#### Problem requirements:
Copy out, word for word, the lines from the start of the data below through the line containing "Christina Aguilera red", and no others.

#### Extracted records:
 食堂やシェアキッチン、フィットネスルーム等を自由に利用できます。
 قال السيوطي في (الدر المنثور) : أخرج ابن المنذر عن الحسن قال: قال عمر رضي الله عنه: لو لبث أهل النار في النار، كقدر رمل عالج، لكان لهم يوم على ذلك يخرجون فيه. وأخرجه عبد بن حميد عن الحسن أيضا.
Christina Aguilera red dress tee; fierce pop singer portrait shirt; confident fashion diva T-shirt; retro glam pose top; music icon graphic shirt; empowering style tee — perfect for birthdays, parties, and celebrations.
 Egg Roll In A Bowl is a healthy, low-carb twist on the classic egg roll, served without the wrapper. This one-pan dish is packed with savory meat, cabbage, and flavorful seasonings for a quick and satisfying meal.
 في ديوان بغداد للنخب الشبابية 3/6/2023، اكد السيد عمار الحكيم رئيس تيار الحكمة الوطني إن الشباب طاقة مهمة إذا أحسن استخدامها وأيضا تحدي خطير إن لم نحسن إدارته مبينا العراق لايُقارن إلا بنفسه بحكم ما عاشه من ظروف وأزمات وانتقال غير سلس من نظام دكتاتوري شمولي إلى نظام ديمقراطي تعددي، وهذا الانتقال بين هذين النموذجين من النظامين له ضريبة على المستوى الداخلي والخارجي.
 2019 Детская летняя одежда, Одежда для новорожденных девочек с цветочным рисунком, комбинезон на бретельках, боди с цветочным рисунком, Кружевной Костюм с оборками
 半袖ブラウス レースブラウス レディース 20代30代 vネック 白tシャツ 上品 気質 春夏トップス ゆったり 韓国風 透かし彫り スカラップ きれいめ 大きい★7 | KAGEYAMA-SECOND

#### Completed exercise:
 食堂やシェアキッチン、フィットネスルーム等を自由に利用できます。
 قال السيوطي في (الدر المنثور) : أخرج ابن المنذر عن الحسن قال: قال عمر رضي الله عنه: لو لبث أهل النار في النار، كقدر رمل عالج، لكان لهم يوم على ذلك يخرجون فيه. وأخرجه عبد بن حميد عن الحسن أيضا.
Christina Aguilera red dress tee; fierce pop singer portrait shirt; confident fashion diva T-shirt; retro glam pose top; music icon graphic shirt; empowering style tee — perfect for birthdays, parties, and celebrations.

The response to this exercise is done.